Input material section start

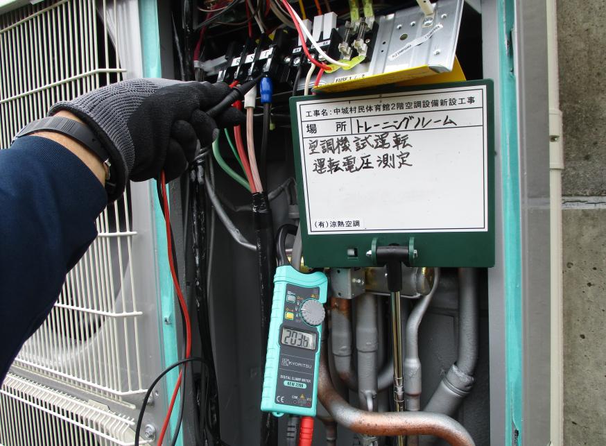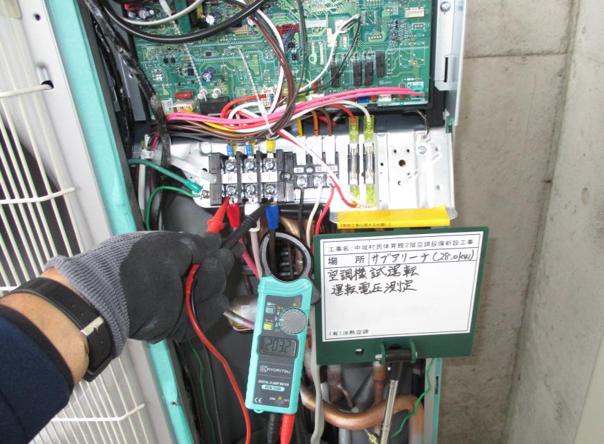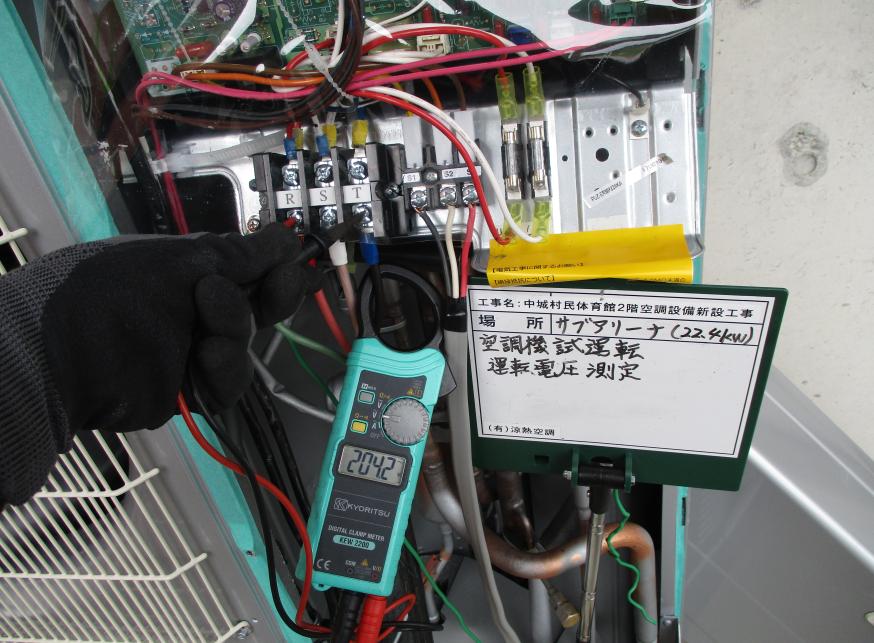 冷房能力28.0kw 試運転調整 電源電圧測定状況
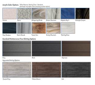 Colors are photographic representations only. Appearance will vary by monitor settings. Actual production color may vary. Acrylic color and skirt availability is subject to change without notice. Please see your dealer for further details.
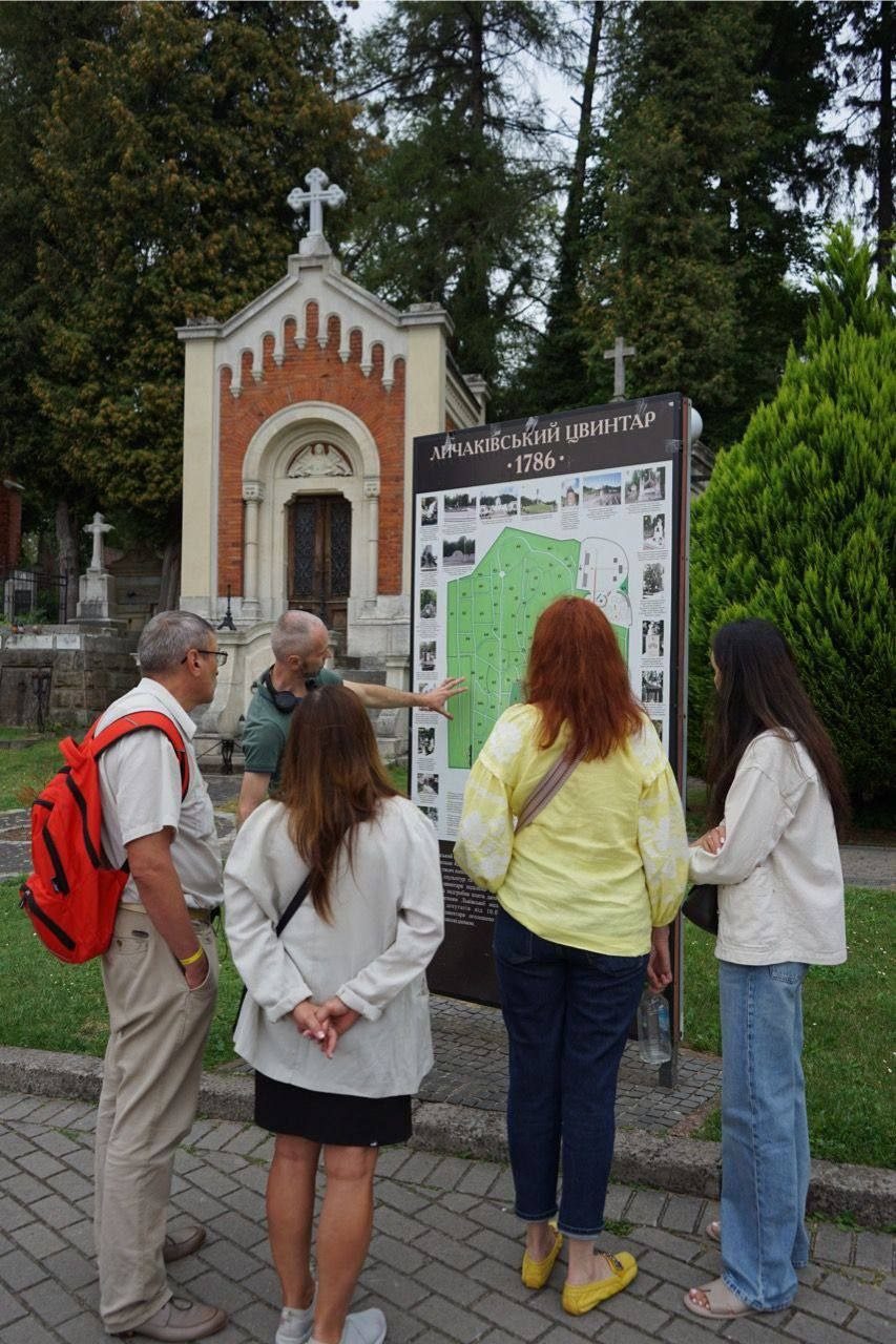 Першим місцем став Личаківський цвинтар - один із найвідоміших меморіальних комплексів України. Херсонці ознайомилися з підходами до збереження поховань і догляду за територією, а також вшанували пам’ять українських воїнів у Меморіальному комплексі Героїв України.
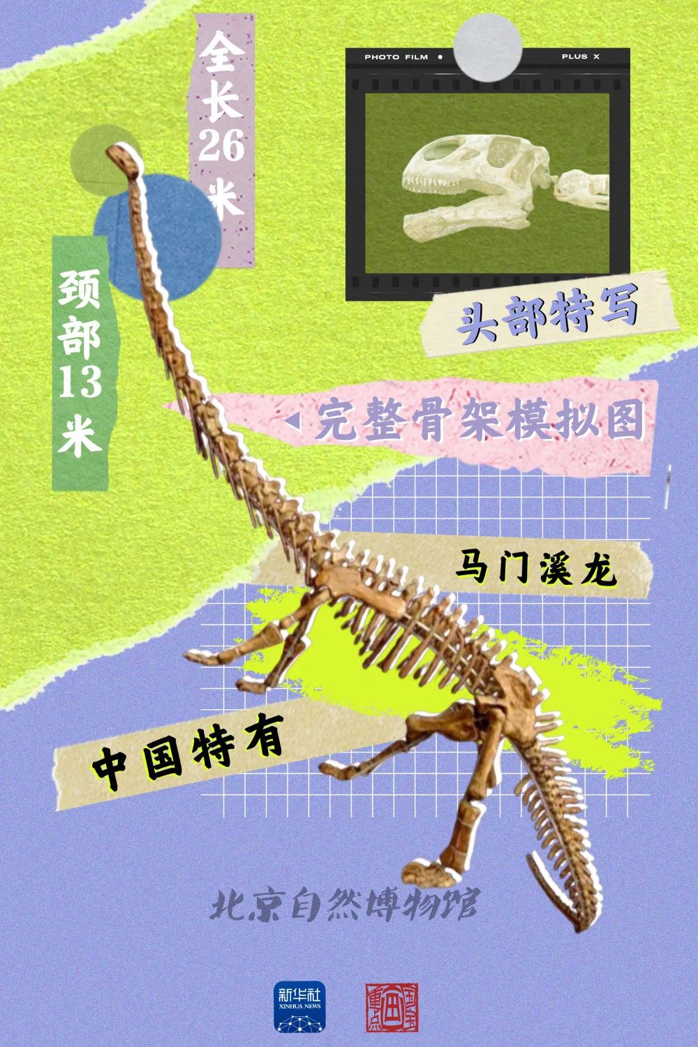 走进北京自然博物馆古爬行动物展厅,有一件标本会让人过目不忘,那便是马门溪龙的化石。马门溪龙体型虽大,但头很小,是中国特有的恐龙。
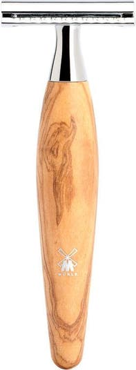 Closed Comb Safety Razor with Classic Blade Handles made of olive wood with chrome-plated metal highlights The Material - Olive wood Since ancient times, olive wood has been valued for its outstanding material characteristics and warm coloring. It is to be found throughout the Mediterranean region and has been used for centuries to make durable goods or artistic objects. The wood we use must be dried carefully for months before the handles are turned. We then sand the surfaces, seal them with oil and polish them to a silky finish. This brings out the gentle, honey-colored grain of the wood particularly well. Without chrome the world would forfeit a lot of its lustre. In the finish used for our wet shaving accessories it demonstrates its best qualities: The material is corrosion-resistant, very long-lasting and has a luxurious, alluring lustre. When contrasted with this, the colors and shapes of other premium materials are shown to their very best advantage. The Razorhead - Classic blade For generations, the safety razor has been regarded as a stylish classic which can even shave edges with precision. For many, it is the razor par excellence. Its styling is ideally suited to the design of the MÜHLE products. Even if the open blade does demand a little respect at first: After a brief familiarization period, and guided by a steady hand, it produces a very close shave and a lasting result. Unlike modern blade systems, the head of the safety razor does not move. The blades are replaced by unscrewing the cap. They can be purchased from us and by retailers everywhere. We recommend our rust-proof MÜHLE razor blades which are the perfect match for our safety razors.
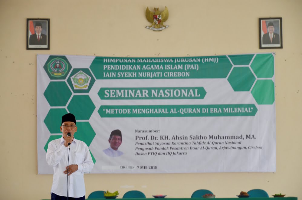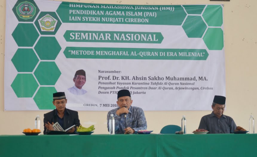 Himpunan Mahasiswa Jurusan (HMJ) Pendidikan Agama Islam (PAI) Fakultas Ilmu Tarbiyah dan Keguruan (F-ITK) IAIN Syekh Nurjati Cirebon menggelar Seminar Nasional dengan tema ” Metode Menghafal Al-Qur’an di Era Milenial” di gedung pascasarjana lt.3 (tiga). Senin, (07-05-18).
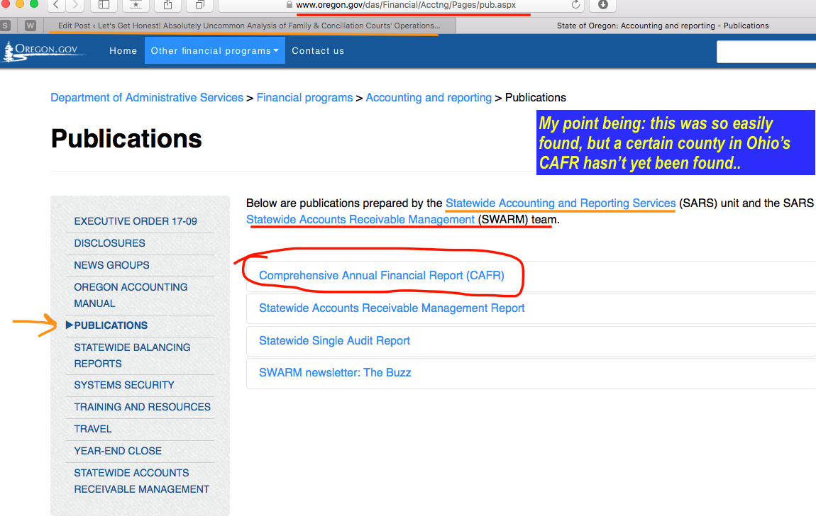 Assembling the Pieces: [1] AFCC 54th Annual Conference (2017)’s Diamond (Top) Sponsor “Avirat” (2001 MN, later -2015- in UK, product “OurFamilyWizard™”) found promoting [2] “Family Works, Inc.” (last found registered in Oregon, running “ParentingWisely™”) which probably profits ℅ royalties from [3] “Center For Divorce Education, Inc.” (Ohio Legal Domiciled Nonprofit at the same Ashland, Oregon, address, under same CEO, running “Children In Between™”) which takes Court-Ordered Parent Education Business (Out-of-State + Spanish-Speaking Parents) from [4] Cuyahoga County Ohio’s Domestic Relations Court’s “Special Circumstances, Rule 34” (1994ff). » State of OREGON’s CAFR FYE2017 EASILY found (coverpp + some excerpts form its Transmittal Ltr!! (UNlike still MIA Cuyahoga CountyOH’s CAFRs– ANY year |~~7 Sshots 2018Dec23Sun @1.30.14 P

Input material section end

Please give back exactly the lines from the first line of the records above through the line containing "走进北京自然博物馆古爬行动物", only those and both included, with the pictures removed.

 冷房能力28.0kw 試運転調整 電源電圧測定状況
 Colors are photographic representations only. Appearance will vary by monitor settings. Actual production color may vary. Acrylic color and skirt availability is subject to change without notice. Please see your dealer for further details.
 Першим місцем став Личаківський цвинтар - один із найвідоміших меморіальних комплексів України. Херсонці ознайомилися з підходами до збереження поховань і догляду за територією, а також вшанували пам’ять українських воїнів у Меморіальному комплексі Героїв України.
 走进北京自然博物馆古爬行动物展厅,有一件标本会让人过目不忘,那便是马门溪龙的化石。马门溪龙体型虽大,但头很小,是中国特有的恐龙。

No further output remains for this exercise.